Aturan tersebut mewajibkan Pertamina mengutamakan penyerapan minyak mentah hasil produksi dalam negeri untuk kemudian diolah di kilang perusahaan sebelum bisa melakukan impor. Di sisi lain, KKKS swasta juga diwajibkan menawarkan bagian minyak mentahnya kepada Pertamina sebelum melakukan ekspor.

Namun, dalam perjalanannya, Kejagung menduga adanya upaya untuk menghindari kesepakatan antara KKKS swasta dan Pertamina dalam proses jual beli tersebut.
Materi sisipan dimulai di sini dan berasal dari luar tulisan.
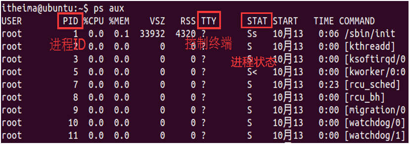 (1)ps aux:显示这个操作系统上所有进程的信息,相当于一个拍照,不能动态显示。

”Dalam pelaksanaannya, KKKS swasta dan Pertamina, dalam hal ini ISJ dan/atau PT KPI [Kilang Pertamina Indonesia], berusaha untuk menghindari kesepakatan pada waktu penawaran yang dilakukan dengan berbagai cara. Jadi, mulai di situ nanti ada unsur perbuatan melawan hukumnya, ya,” ujar Harli dalam konferensi pers, Senin (10/2/2025).

Kejagung menilai tindakan menghindari kesepakatan jual beli dalam kasus tersebut telah merugikan negara. Pasalnya, minyak mentah dan kondensat bagian negara (MMKBN) yang seharusnya bisa diolah di Kilang Pertamina malah harus tergantikan dengan minyak mentah hasil impor.

"Perbuatan menjual MMKBN tersebut mengakibatkan minyak mentah yang dapat diolah di kilang harus digantikan dengan minyak mentah impor yang merupakan kebiasaan PT Pertamina yang tidak dapat lepas dari impor minyak mentah," jelas Harli. 

Menyitir data Badan Pusat Statistik (BPS), volume impor minyak mentah Indonesia relatif fluktuatif pada rentang 2018—2023, tetapi cenderung terus mengalami kenaikan setelah periode pandemi pada 2020.

Pada 2018 jumlahnya mencapai 16,93 juta ton; 2019 sebanyak 11,75 juta ton; 2020 sejumlah 10,51 juta ton; 2021 sebesar 13,77 juta ton; 2022 sebanyak 15,26 juta ton; dan 2023 sejumlah 17,83 juta ton.